Task prompt -> Emit a verbatim copy of the lines below from the line with "会议最后,理论学习第二小组的" through the line with "A small, black", excluding pictures and everything outside that range.

Supplied records ->
'''

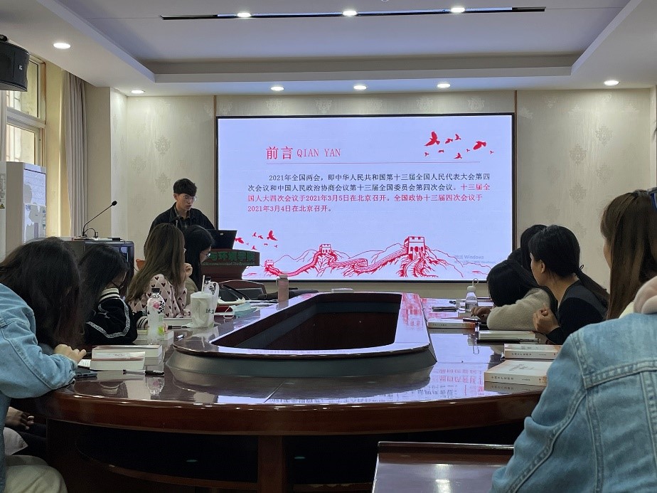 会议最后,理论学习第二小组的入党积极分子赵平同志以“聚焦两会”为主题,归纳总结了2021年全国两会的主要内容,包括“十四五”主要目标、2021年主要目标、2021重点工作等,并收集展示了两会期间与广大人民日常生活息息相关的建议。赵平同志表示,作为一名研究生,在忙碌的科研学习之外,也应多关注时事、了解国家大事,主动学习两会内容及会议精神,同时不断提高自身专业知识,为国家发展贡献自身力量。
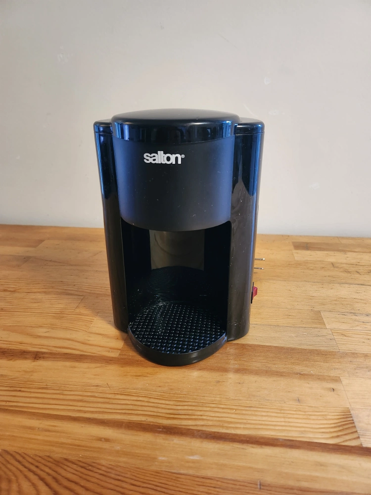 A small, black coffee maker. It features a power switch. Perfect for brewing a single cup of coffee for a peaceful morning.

'''
'''

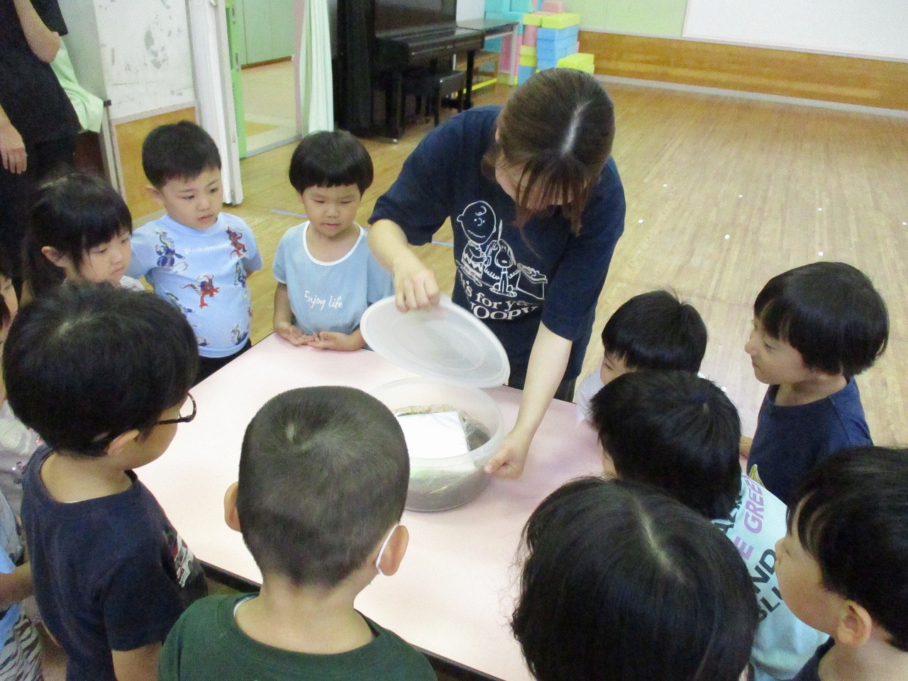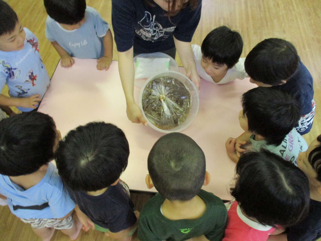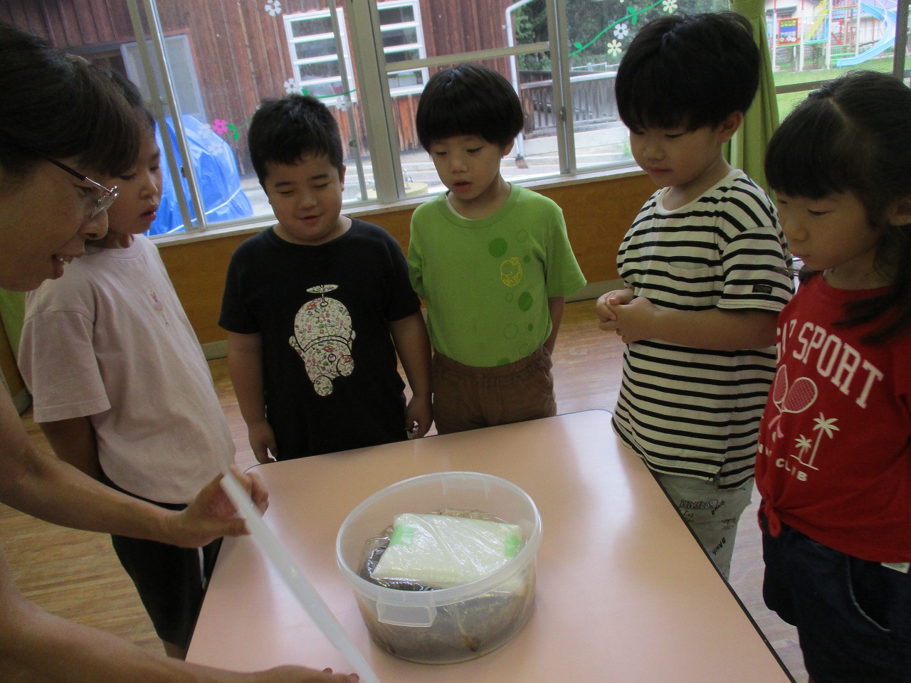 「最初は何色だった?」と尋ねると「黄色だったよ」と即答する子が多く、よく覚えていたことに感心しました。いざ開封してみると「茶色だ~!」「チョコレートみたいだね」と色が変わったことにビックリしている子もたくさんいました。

'''

Task response ->
 会议最后,理论学习第二小组的入党积极分子赵平同志以“聚焦两会”为主题,归纳总结了2021年全国两会的主要内容,包括“十四五”主要目标、2021年主要目标、2021重点工作等,并收集展示了两会期间与广大人民日常生活息息相关的建议。赵平同志表示,作为一名研究生,在忙碌的科研学习之外,也应多关注时事、了解国家大事,主动学习两会内容及会议精神,同时不断提高自身专业知识,为国家发展贡献自身力量。
 A small, black coffee maker. It features a power switch. Perfect for brewing a single cup of coffee for a peaceful morning.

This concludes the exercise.